I think that over time we’re going to see more of this kind of online content, that the problem’s going to get worse before it gets better. These social media accounts, pretending to be science-based or celebrating people’s achievements, are just publishing made-up lies (much of it AI generated) that are designed to maximise clicks and likes. I guess with the reluctance of social media companies to put real meaningful effort into tackling this nonsense, the filters are going to have to be at our end - learning to automatically scroll past these posts, much like we’ve learned to do with online advertising over the years. Thankfully, at least for now, a lot of the AI content still has that plastic look that gives it away - although it’s only a matter of time before this content becomes more subtle and harder to detect.

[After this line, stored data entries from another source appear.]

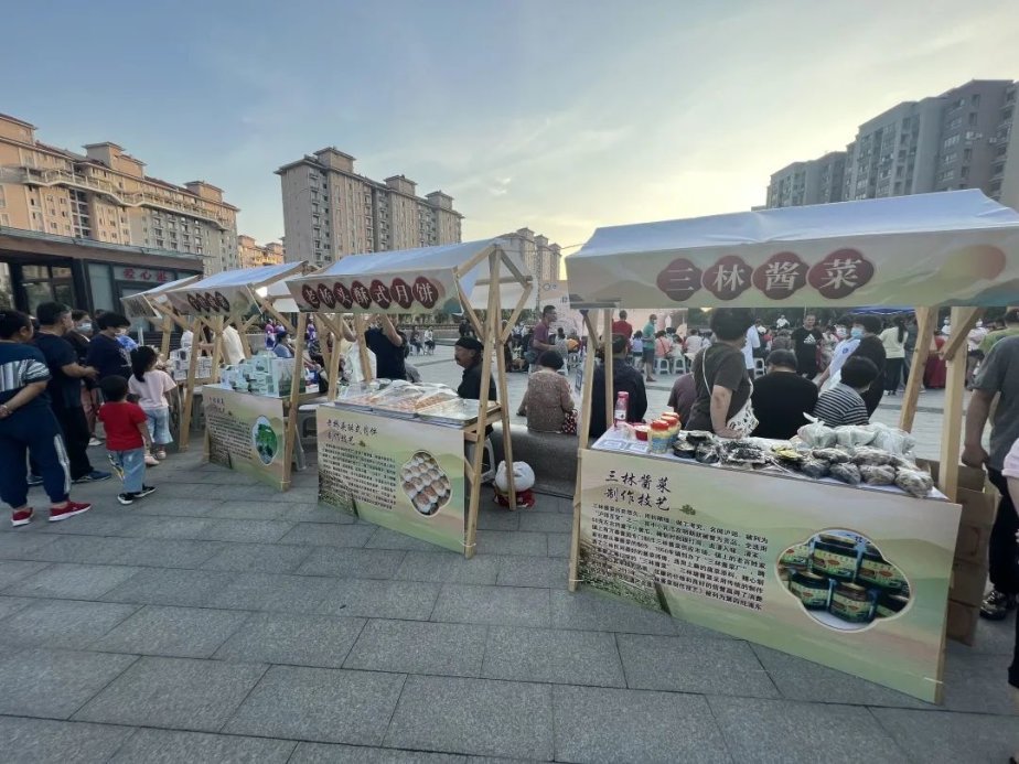 下午,非遗集市率先开展。老桥头酥式月饼、下沙烧卖、龙潭酒酿、盐仓水晶年糕、三林酱菜、牛肚咸菜等众多非遗美食以及浦东喜庆剪纸等非遗技艺集中展示,受到了社区居民的欢迎。
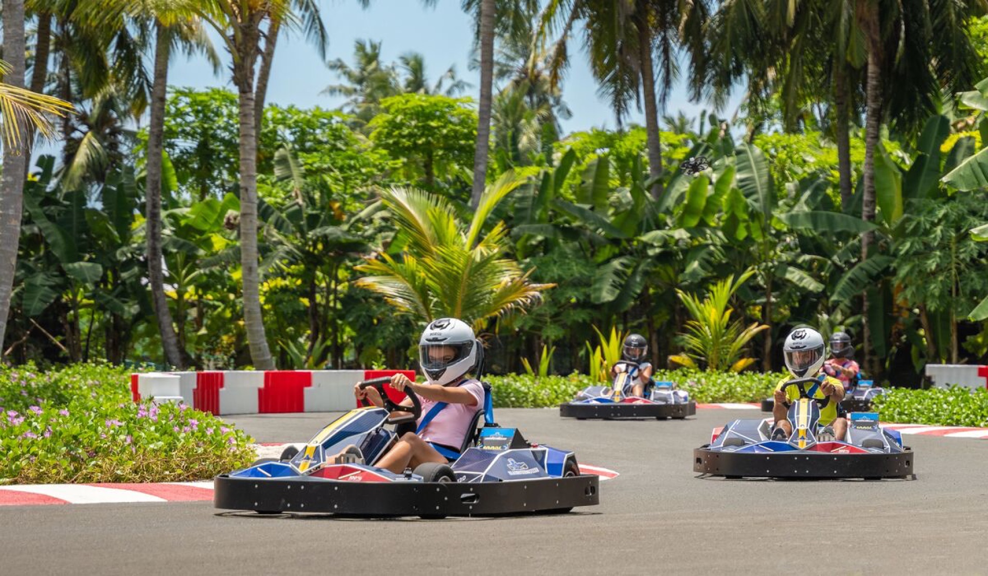 The go-karting starts at just $35 USD for a 10-minute session, with exclusive packages available for couples, families, and groups.
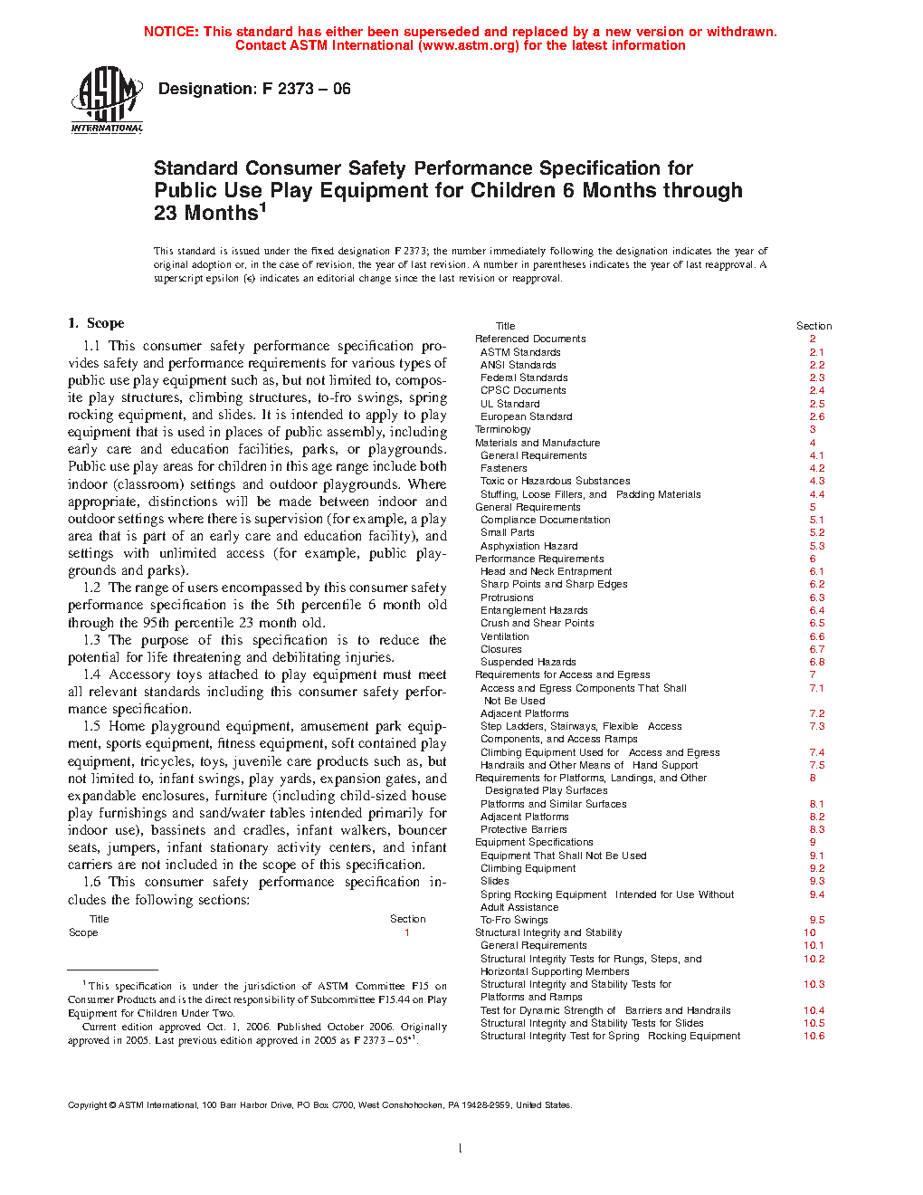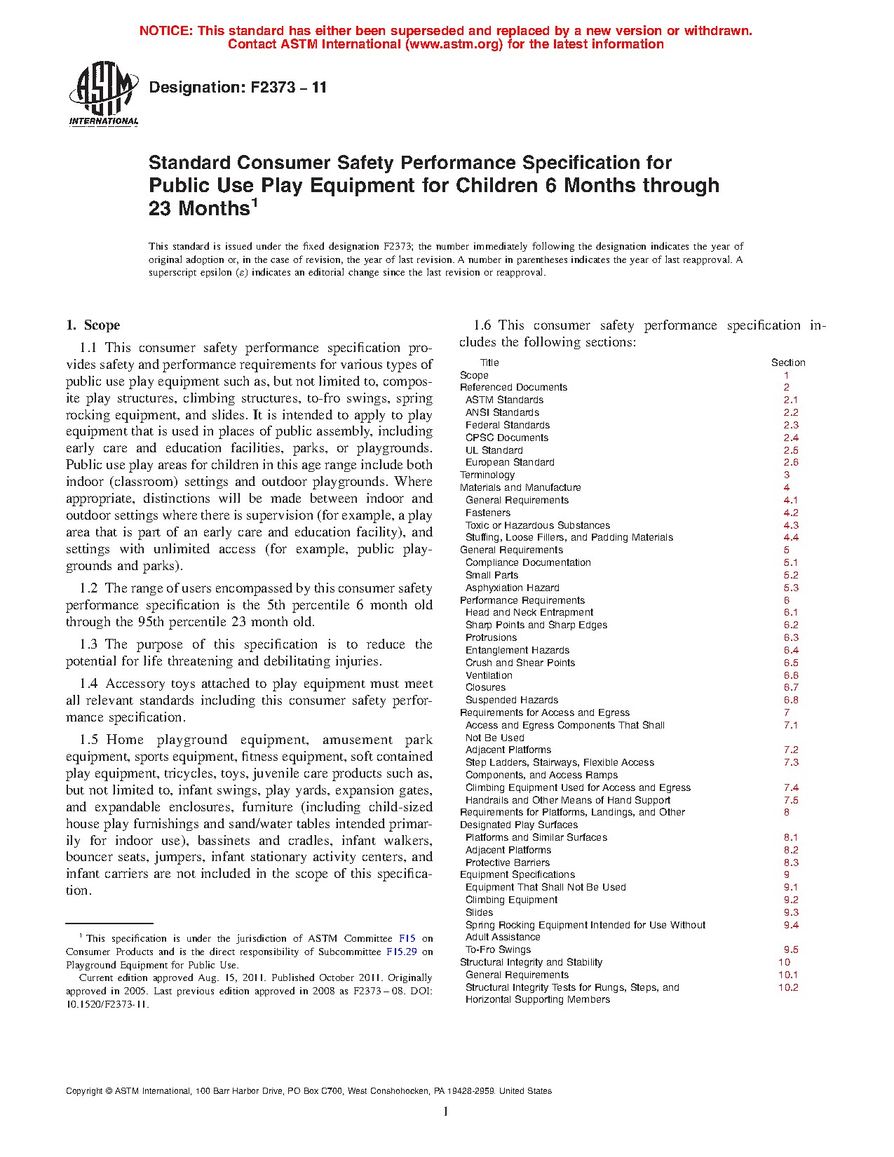 1.6 This consumer safety performance specification includes the following sections:
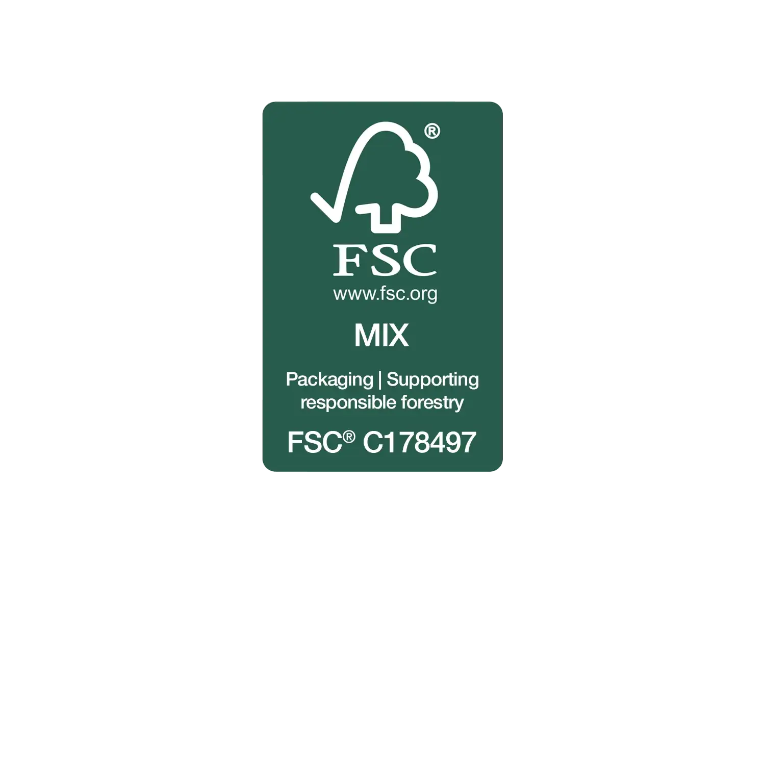 Our packaging materials are FSC certified, ensuring they come from responsibly managed forests that provide environmental, social, and economic benefits.

At least with the claim about sand under a microscope that my 17 year old shared with me, there was something I could do about it. First I ran the image through a forensics tool called ELA (Error Level Analysis), which looks for parts of a file that have been encoded with different compression levels before being pasted together into a composite image. According to the ELA tutorial on the FotoForensics website, when analysed with ELA a clean image should show a fairly uniform lightness, whereas for a stitched together image some parts of it will show up much lighter than others. Sadly, but not surprisingly, for this image, it has been saved and re-saved so many times that the re-compression makes the ELA analysis output an almost black image, foiling my efforts to look like a 1337 hax0r:

After this failed attempt to show my daughter that the image was faked, I decided a much more practical approach would be to show her what actual sand looks like. So I headed out to the garage and grabbed a small sandcastle mould that still had sand in it from our last beach visit. . Then I banged it on the table a couple of times to get the sand out:

I grabbed a couple of cheap microscopes from around the house. The first one is a spring-loaded contraption that attaches to a mobile phone’s camera lens - I think this may have been $5 or so from KMart. Upon pointing this at the sand and opening my camera app, it was already obvious that we weren’t looking at a collection of pretty, coloured pieces of shell:

The second microscope was a bit more powerful, but I had to manually hold my phone camera lens to the eyepiece to get an image. This one is at higher magnification, so it becomes clearer that the sand is mainly tiny pieces of rock:

It was nice to be able to use this as a way to show my daughter that when faced with a fantastical claim, not only is it good to withhold your belief, but often you can come up with ways that you can test the claim. In this instance it only took about 10 minutes to perform a fun little piece of science, and undo a little of the damage that social media is causing.